**Work order**
Exclude images; transcribe the rest of the data exactly.

**The data**
------------------------------

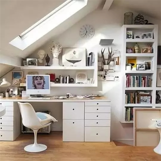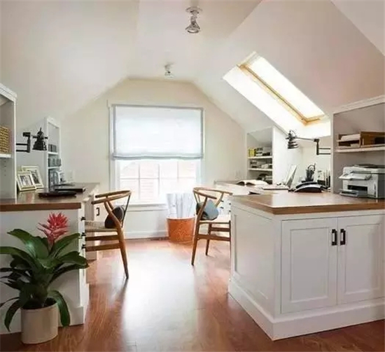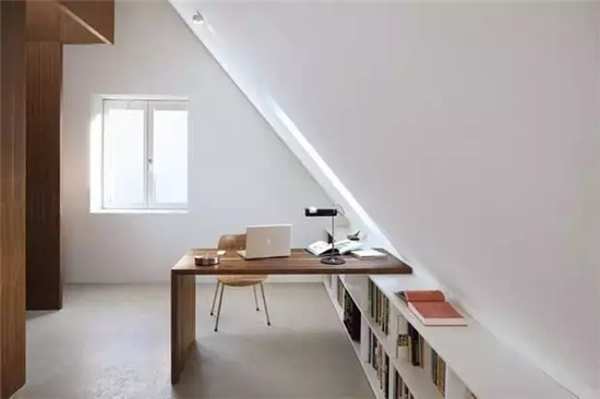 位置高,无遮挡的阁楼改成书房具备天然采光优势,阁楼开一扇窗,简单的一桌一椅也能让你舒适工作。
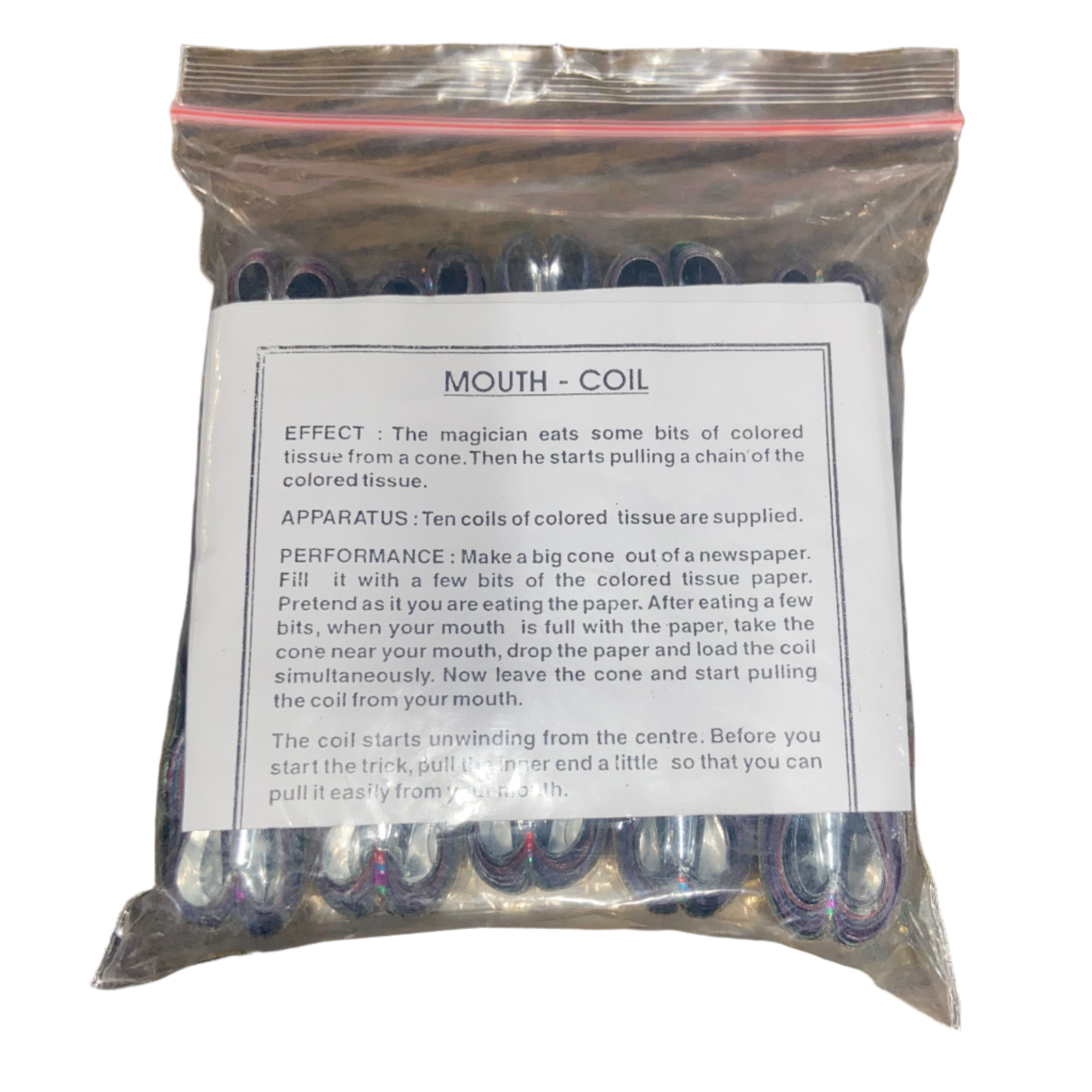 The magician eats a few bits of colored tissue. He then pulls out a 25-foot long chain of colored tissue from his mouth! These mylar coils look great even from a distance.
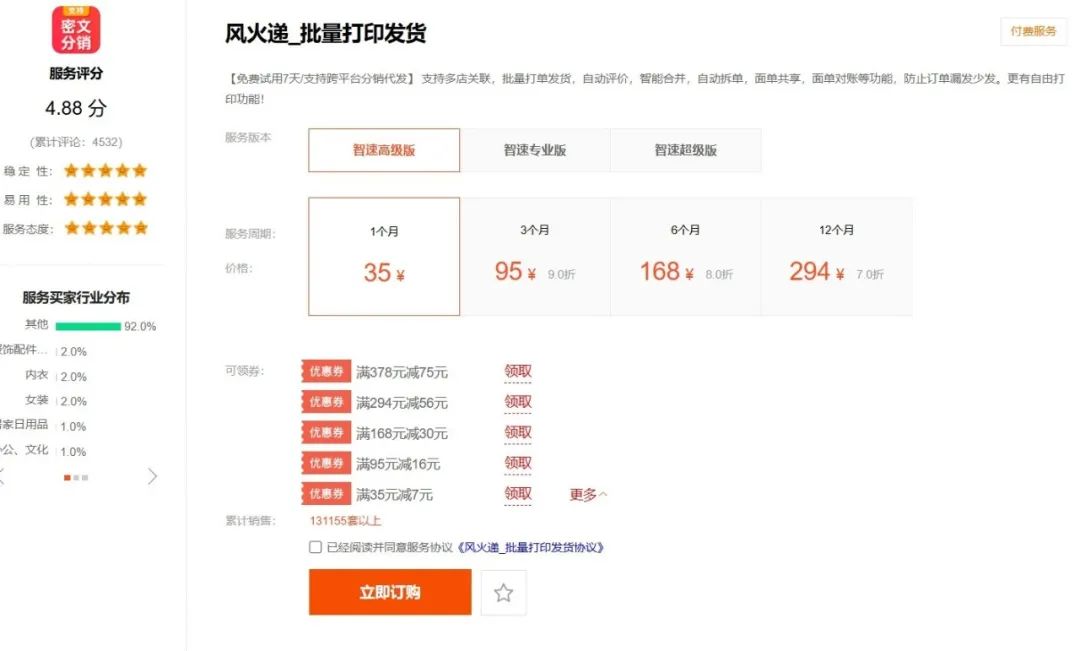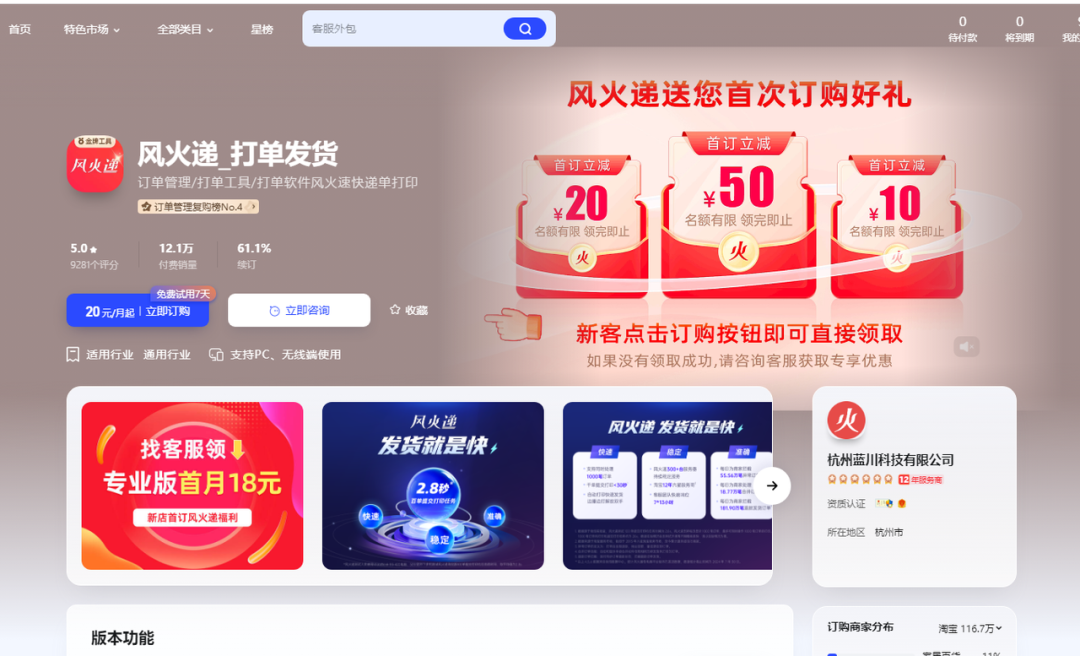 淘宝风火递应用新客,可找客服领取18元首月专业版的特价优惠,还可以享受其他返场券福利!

------------------------------

**Solution to this exercise**
 位置高,无遮挡的阁楼改成书房具备天然采光优势,阁楼开一扇窗,简单的一桌一椅也能让你舒适工作。
 The magician eats a few bits of colored tissue. He then pulls out a 25-foot long chain of colored tissue from his mouth! These mylar coils look great even from a distance.
 淘宝风火递应用新客,可找客服领取18元首月专业版的特价优惠,还可以享受其他返场券福利!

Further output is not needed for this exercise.